§ **Aim of the task**
Reproduce the material below only from the line with "左から MYD の 1001、1002、1003" to the line with "Familien Røgeberg koser seg.", both included, keeping each line exact and dropping the pictures.

§ **Entries supplied**

----

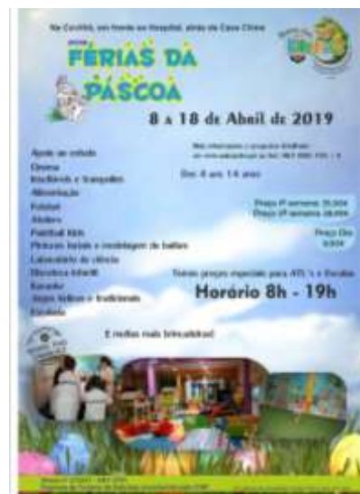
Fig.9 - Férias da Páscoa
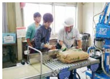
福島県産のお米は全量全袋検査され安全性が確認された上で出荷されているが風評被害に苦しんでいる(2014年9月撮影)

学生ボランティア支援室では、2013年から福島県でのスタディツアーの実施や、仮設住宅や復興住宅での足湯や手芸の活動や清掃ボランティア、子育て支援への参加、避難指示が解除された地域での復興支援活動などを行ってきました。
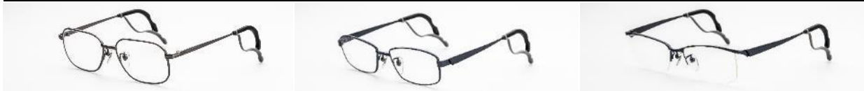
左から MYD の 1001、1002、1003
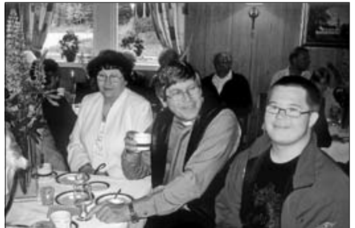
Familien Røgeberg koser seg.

----

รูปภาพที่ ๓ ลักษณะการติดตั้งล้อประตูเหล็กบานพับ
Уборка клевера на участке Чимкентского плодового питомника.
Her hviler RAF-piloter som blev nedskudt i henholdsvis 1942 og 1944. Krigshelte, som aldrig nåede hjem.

----

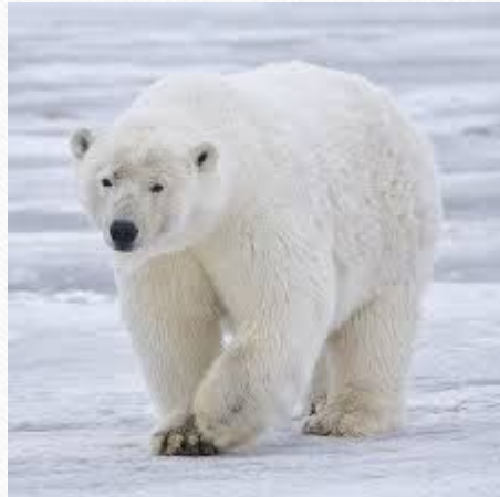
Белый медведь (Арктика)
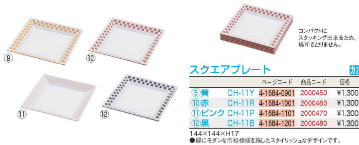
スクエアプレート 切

----

§ **Answer to the problem**
左から MYD の 1001、1002、1003
Familien Røgeberg koser seg.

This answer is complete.